Dylan
Deines
4/6/16
Historical
Context
Dr.
Brown
Women Strike for Peace
Historical
Context
In 1961, 16 years after the bombing
of Japan by atomic bombs (Shaller), nearly 50,000 women left their jobs and
homes in one of the biggest peace movements that the United States had ever
seen up until that point. The Cold War
was at one of its most critical states in history, as the Soviet Union had just
tested a few of its new atomic bombs—the residue from them slowly making its
way over United States cities (Swerdlow). In response, as was the Cold War
fashion at the time, the United States threatened to do the same and test their
own weapons of mass destruction. Although it would only be a “test” that they
wanted to perform, many feared that the residue from the bomb would create
health risks for people all over the world. The 50,000 women, mostly mothers,
feared for their children’s safety (Swerdlow).
In a society where men were favored
as the dominant beings, where men were expected to make the decisions and wives
were expected to stay home, the movement for peace performed by these women was
something no one thought possible; yet what was thought impossible happened,
begging the question how? What motivations did these mothers have to drop their
work and their domesticity to march for peace?

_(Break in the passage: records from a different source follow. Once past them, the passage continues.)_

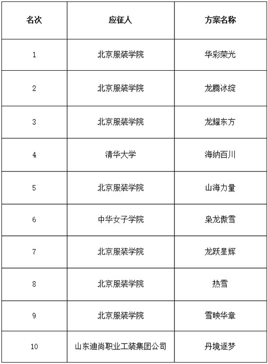 领奖服获奖方案名单
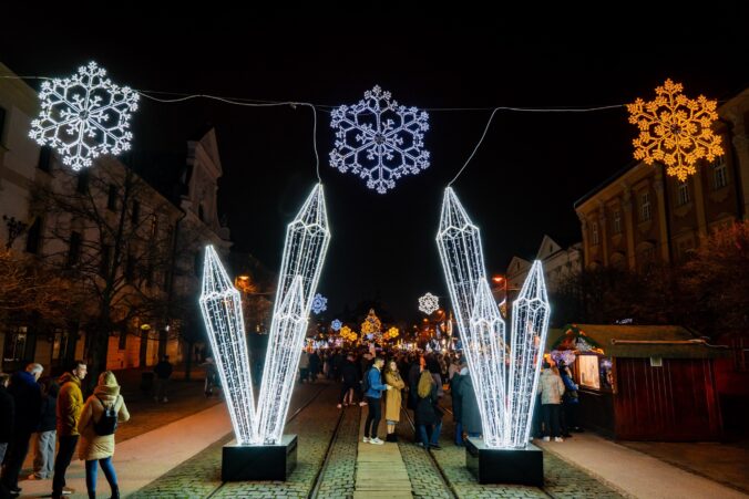 Svetelná výzdoba počas otvorenia 30. ročníka Košických rozprávkových Vianoc 2025 v Košiciach. 1. december 2025. Foto: SITA/Facebook Mesto Košice
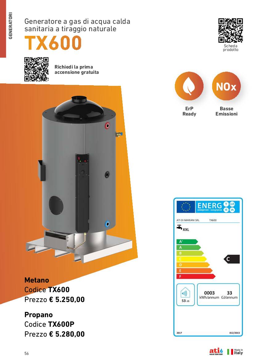 TX è la nuova gamma di scaldacqua a tiraggio naturale riprogettata nel rispetto del nuovo regolamento ErP 2018 a basso NOx.
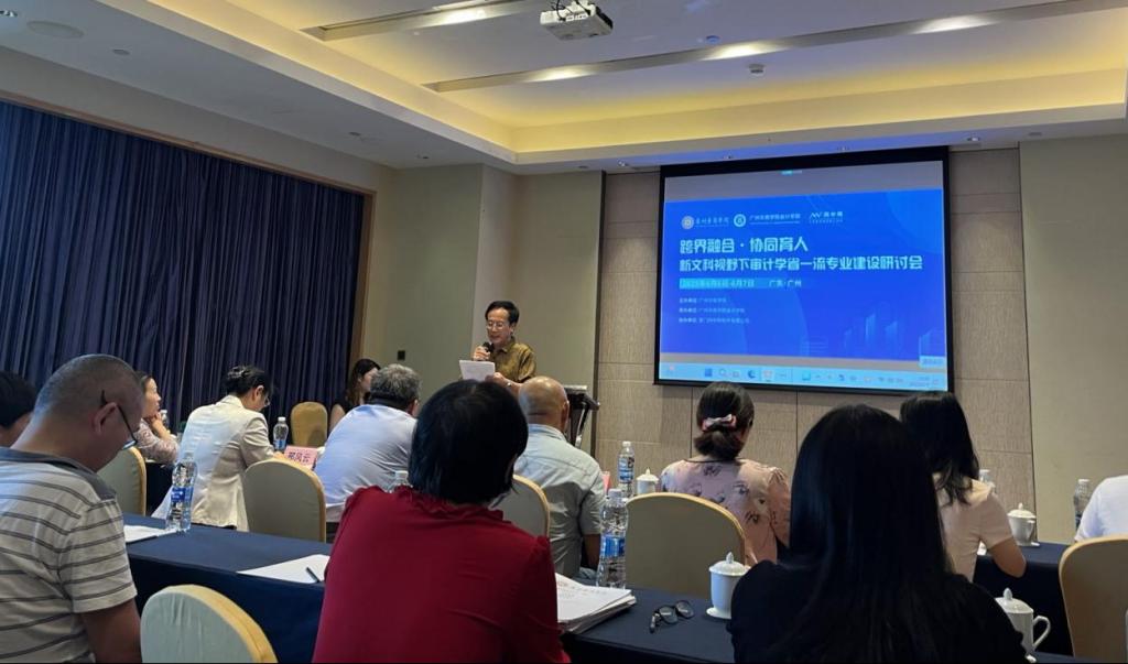 为推动鸭脖审计学省一流专业建设,提升专业建设质量,培养适应时代需求的审计专业人才,2025年6月6日-7日,会计学院召开“跨界融合·协同育人”新文科视野下审计学省一流专业建设研讨会。会议邀请了中南财经政法大学会计学院原院长张龙平教授、广东外语外贸大学会计学院原院长刘中华教授、广东财经大学会计学院原院长邢风云教授、广东轻工职业技术大学罗小凤主任以及广东财经大学会计学院张阳教授等专家学者参会。
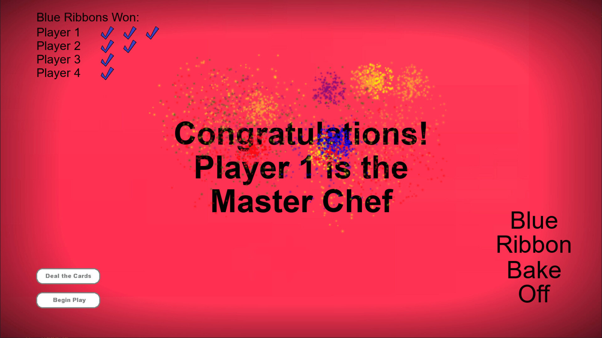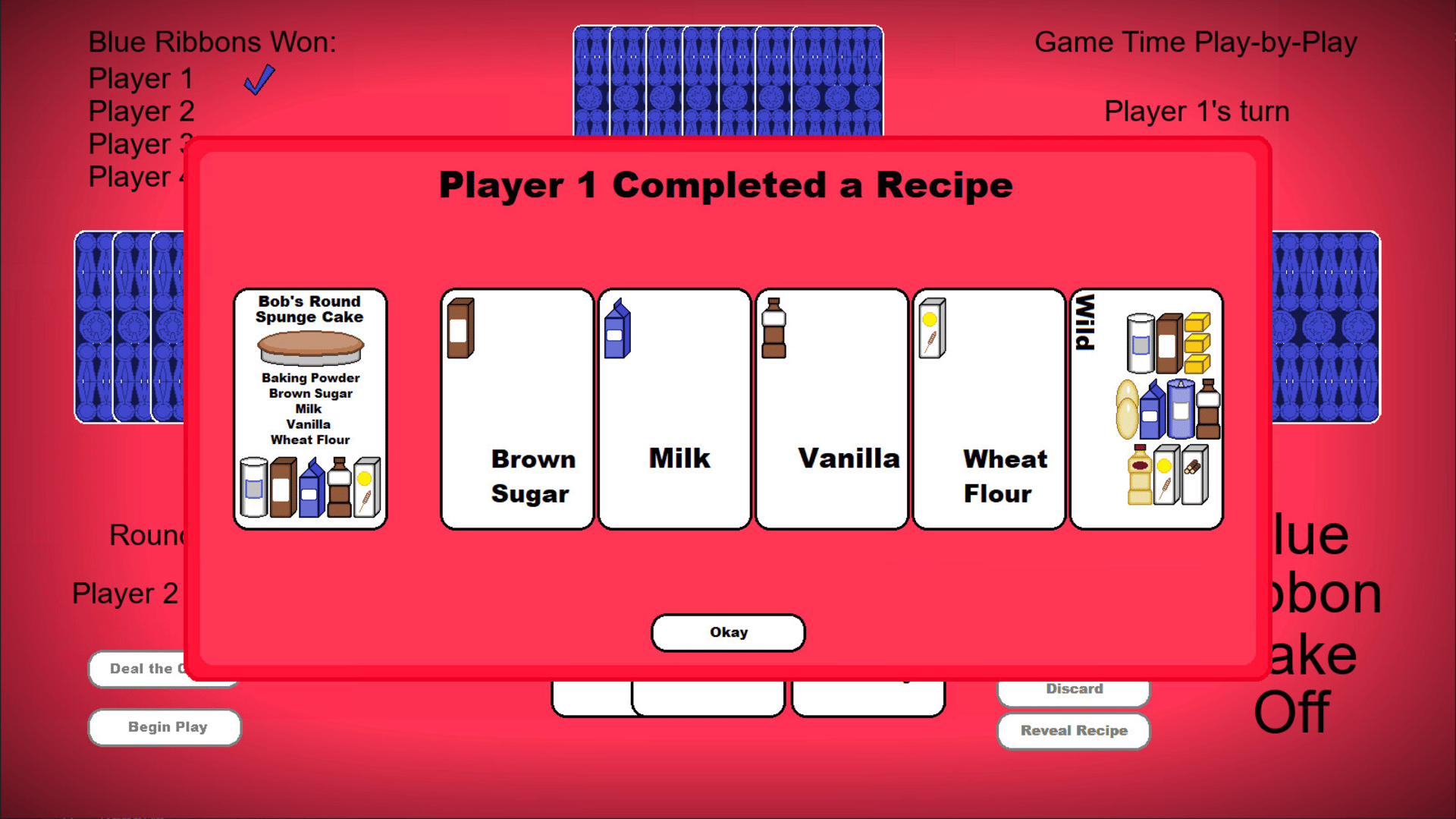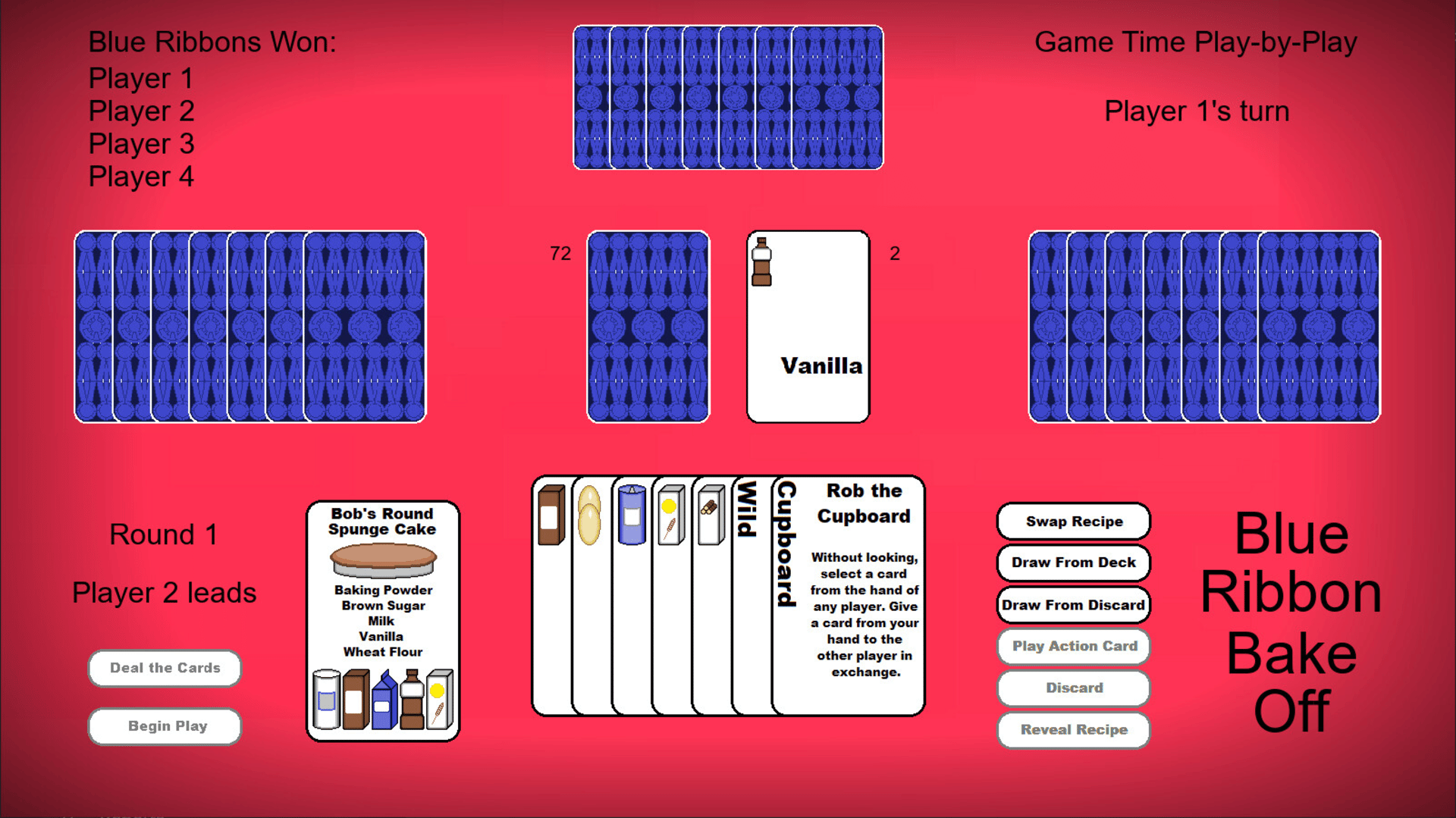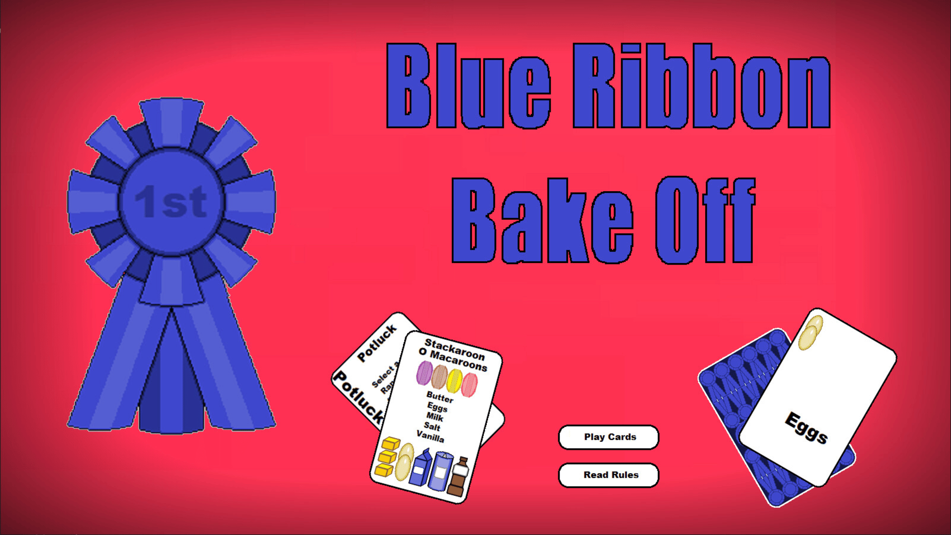 Blue Ribbon Bake Off is a new, original playing card game. Players work to gather ingredients to complete a recipe and win a blue ribbon at the county fair. Competitors use every trick in the cookbook to stop them. Who will be named the County's Best Baker?

Women in the 1960’s had gone through
some rough times: from the Great Depression in 1929, all the way to the end of
World War II, and then the Cold War following right afterwards (Shaller). The
women of this generation were strong because of their fearlessness during these
times. Nearly 500,000 American men died during World War II (By the Numbers-
World Wide Deaths), forcing women to step up and fill the void left by the
deaths of American soldiers. At the beginning of the war there were 12 million
women working for wages, by the end of the war, nearly 17 million were employed
(Shaller). 80 percent of the public voted against women working, but by 1942 (a
year after the war started) that figure was flipped and 80 percent of the
public believed it was acceptable for women to work, “Wartime labor shortages
changed public policy and attitudes toward women in the work force, especially in
jobs traditionally held by men in shipyards, on assembly lines, and in aircraft
factories,” (Shaller 848). Propaganda at the time called women in to action, “encourage[ing]
women to join the industrial work force,” (Shaller 848).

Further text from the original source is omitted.